Press release from Companies

Publicerat: 2019-06-19 12:42:35

Cereno Scientific AB: Press release from Annual General Meeting of Cereno Scientific AB

The Annual General Meeting of Cereno Scientific AB (“Cereno”) was held today 19 June 2019. A summary of the resolutions made is presented below. All resolutions were unanimous.

Adoption of income statement and balance sheet
The Meeting resolved to adopt the presented income statement and balance sheet.

Appropriation of earnings
The Meeting resolved to carry forward the profit available at the disposal of the Meeting in accordance with the Board’s proposal in the Annual Report and thus no dividends were paid for the 2018 financial year.

Discharge from liability
The Meeting resolved on the discharge from liability for Board members and the CEO. 

Determination of number of Board members, deputy Board members and the number of auditors and determination of fees to the Board and auditors
The Meeting resolved that, for the period until the next Annual General Meeting is held, the Board is to comprise six members and two deputies and that fees to the Board are to be paid in the amount of SEK 418,500, with SEK 139,500 (corresponding to three price base amounts) paid to the Chairman, and SEK 93,000 (corresponding to two price base amounts) to the other Board member who is independent of the owners, and SEK 186,000 to the other board members (corresponding to one price base amount per person). The Meeting also appointed an auditor and resolved that fees to the auditors are to be paid according to approved invoices.
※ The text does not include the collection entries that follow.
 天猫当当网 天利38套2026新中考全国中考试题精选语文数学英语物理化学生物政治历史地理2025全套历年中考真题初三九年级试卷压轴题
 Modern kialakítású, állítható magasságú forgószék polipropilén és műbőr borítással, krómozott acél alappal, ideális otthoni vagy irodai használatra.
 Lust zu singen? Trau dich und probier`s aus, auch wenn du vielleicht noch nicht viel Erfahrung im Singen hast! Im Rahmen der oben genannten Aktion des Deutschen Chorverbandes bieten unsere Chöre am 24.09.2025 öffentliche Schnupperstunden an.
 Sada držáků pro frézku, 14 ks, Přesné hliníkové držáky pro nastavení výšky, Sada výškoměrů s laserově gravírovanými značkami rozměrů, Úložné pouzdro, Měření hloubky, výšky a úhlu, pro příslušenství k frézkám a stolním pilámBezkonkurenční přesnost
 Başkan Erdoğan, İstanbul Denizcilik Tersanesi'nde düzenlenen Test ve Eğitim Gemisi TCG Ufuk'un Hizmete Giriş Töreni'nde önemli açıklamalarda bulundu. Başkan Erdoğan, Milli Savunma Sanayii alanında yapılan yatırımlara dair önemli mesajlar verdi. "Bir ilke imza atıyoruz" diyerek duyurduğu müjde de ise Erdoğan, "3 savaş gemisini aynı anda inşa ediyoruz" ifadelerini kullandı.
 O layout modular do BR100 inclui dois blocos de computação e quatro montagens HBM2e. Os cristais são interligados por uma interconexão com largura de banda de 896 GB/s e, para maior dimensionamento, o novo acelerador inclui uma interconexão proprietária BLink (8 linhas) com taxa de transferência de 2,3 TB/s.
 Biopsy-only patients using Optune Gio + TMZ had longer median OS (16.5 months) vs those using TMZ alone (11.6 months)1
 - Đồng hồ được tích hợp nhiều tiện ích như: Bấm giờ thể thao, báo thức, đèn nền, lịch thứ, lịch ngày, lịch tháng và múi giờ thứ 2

Election of Board members, deputies and auditors
The Meeting resolved that Catharina Bäärnhielm, Klementina Österberg, Sverker Jern, Björn Dahlöf, Jonas Faijerson Säljö, and Anders Svensson be re-elected as Board members, of who the latter is the independent Board member, and that Niklas Bergh and Jan Pilebjer be re-elected as deputy Board members. The Meeting resolved that Frejs Revisorer AB, represented by Authorised Public Accountant Mikael Glimstedt, be re-elected as the company’s auditor.

Resolution on authorisation for the Board to decide on the new issue of shares and/or warrants and/or convertibles
The Meeting resolved to authorise the Board, on one or more occasions during the period until the next Annual General Meeting, to resolve on the new issue of shares and/or warrants and/or convertibles for cash payment and/or through contribution in kind, by set-off or otherwise on terms, and thus disapply shareholders’ preferential rights.

When such authorisation is utilised, the subscription price and other terms and conditions are to be market-based, taking into account market issue discounts where appropriate.

The number of shares that it will be possible to issue and the number of new shares that it will be possible to subscribe for under warrants and the number of shares to which convertibles carry entitlement to conversion are, on full subscription, full conversion and full exercise of the warrants, to total a maximum of a number that falls within the limits of the Articles of Association’s provisions on the number of shares.

The purpose of the authorisation and the reason for possibly disapplying shareholders’ preferential rights is to carry out issues in order to finance the company’s operations, commercialisation and development of the company’s products and/or acquisitions of operations, companies or parts of companies, and/or to broaden the ownership base of the company.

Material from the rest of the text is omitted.